Pero este cuestionamiento no ha de llevarse a cabo discutiendo filológicamente sobre el concepto novedad, sino
diseccionando las situaciones en las que suponemos que hay algo de nuevo. Aplicando este criterio, Vattimo propone
esta formulación aparentemente paradójica:
Creo que no podemos hacer ética y política sin una filosofía de la historia, aunque la única filosofía de la historia que es posible en este
momento es la filosofía que narra la historia del fin de la filosofía de la historia.

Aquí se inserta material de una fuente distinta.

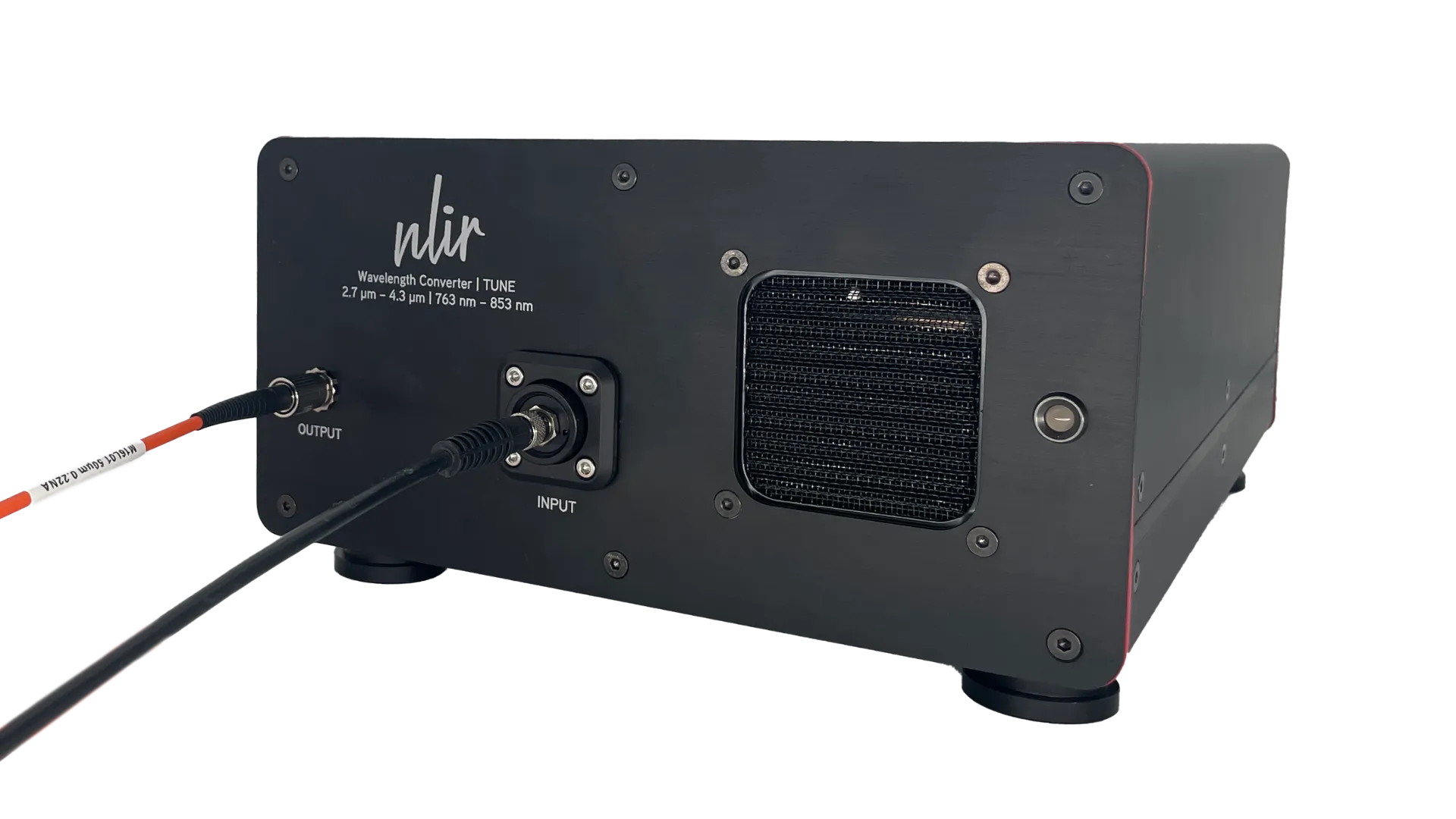 The core of NLIR’s technology is the wavelength conversion module, which upconverts mid-infrared wavelengths to the near-visible range, enabling the use of Si and GaAs detectors. The conversion is driven by a high-power, continuous-wave 1064 nm laser inside a lithium niobate crystal. Everything is integrated and no alignment is necessary.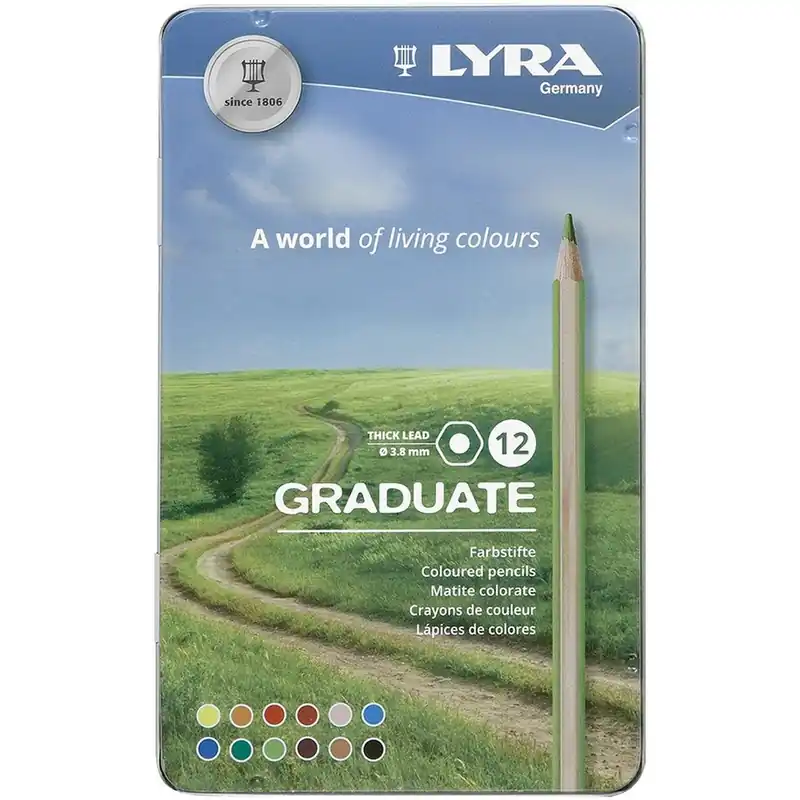 12 Lápices de colores de alta calidad.Colores intensos y cubrientes.Mina súper resistente de 3.8mm, de larga duración y fácil de afilar.Realizados en madera de cedro con certificación PEFC.

No hay aquí juego de palabras, sino una propuesta concreta: hay que analizar la experiencia del final de la historia. O,
planteado como pregunta, ¿hasta qué punto sostener que los metarrelatos han sido invalidados no equivale a proponer
un metarrelato?
La pregunta de Vattimo no persigue desarmar, sino rearmar. Se halla en juego la posibilidad de que la historia del
final de la historia pueda operar como un relato legitimador. Tal vez contándonoslo fuéramos capaces de encontrar
objetivos por los que pelear, criterios con los que elegir y, por tanto, alguna posibilidad de sentido para nuestro obrar.
¿Sería una desgracia que extrajéramos una lección así (o cuanto menos parecida) de lo que nos está ocurriendo? ¿De-
bemos rechazar la aspiración a entender lo que nos pasa, porque eso se parezca a concederle a la historia, acaso por
última vez, el rango de maestra de la vida?